Akwa Ibom State Ministry of Justice
- In office January 2015 – January 2021
- Preceded by: Barr. Ekpenyong Ntekim
- Succeeded by: Mr. Uko Essien Udom

Personal details
- Born: 27 October 1964 (age 61) Abiakana, Ika, Akwa Ibom State, Nigeria
- Party: People's Democratic Party (Nigeria)
- Alma mater: University of Calabar

= Uwemedimo Nwoko =

Uwemedimo Nwoko (born 27 October 1964) is a Nigerian legal practitioner, politician, human rights activist and the past Attorney-General and Commissioner for Justice in Akwa Ibom State.

== Early life and education ==
Nwoko was born on 27 October 1964 in Abiakana, in Ika Local Government Area of Akwa Ibom State.

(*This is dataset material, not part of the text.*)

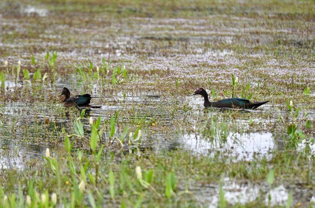 O Pato-do-mato também é abundante nas lagoas e banhados da fazenda. Possui uma coloração escura, mesclando a plumagem entre o preto e o verde escuro. Aparece de forma muito comum nas lagoas do Pantanal. São selvagens, mas convivem muito bem com a presença humana.

In 1972, Nwoko started attending Qua Iboe Church (QIC) Group School, Ikot Osukpong, Ika LGA of Akwa Ibom State and left the school in 1977 to continue his secondary education at Saint Augustine Secondary School, Urua Inyang (1977–1982). He later proceeded to study law at the University of Calabar (1987–1991) before completing the course at the Nigerian Law School, Victoria Island, Lagos (1991–1992).

== Career ==
In December 2014, incumbent governor of Akwa Ibom State, Chief Godswill Akpabio forwarded Nwoko's name to the Akwa Ibom State House of Assembly for screening and eventual appointment as the state's Attorney-General and Commissioner for Justice.

On 13 January 2015, he was given the job. He became the 14th Attorney-General and Commissioner for Justice of Akwa Ibom State.

In mid-2015, he was re-appointed the state's Attorney-General and Commissioner for Justice by the incumbent governor, Governor Udom Gabriel Emmanuel.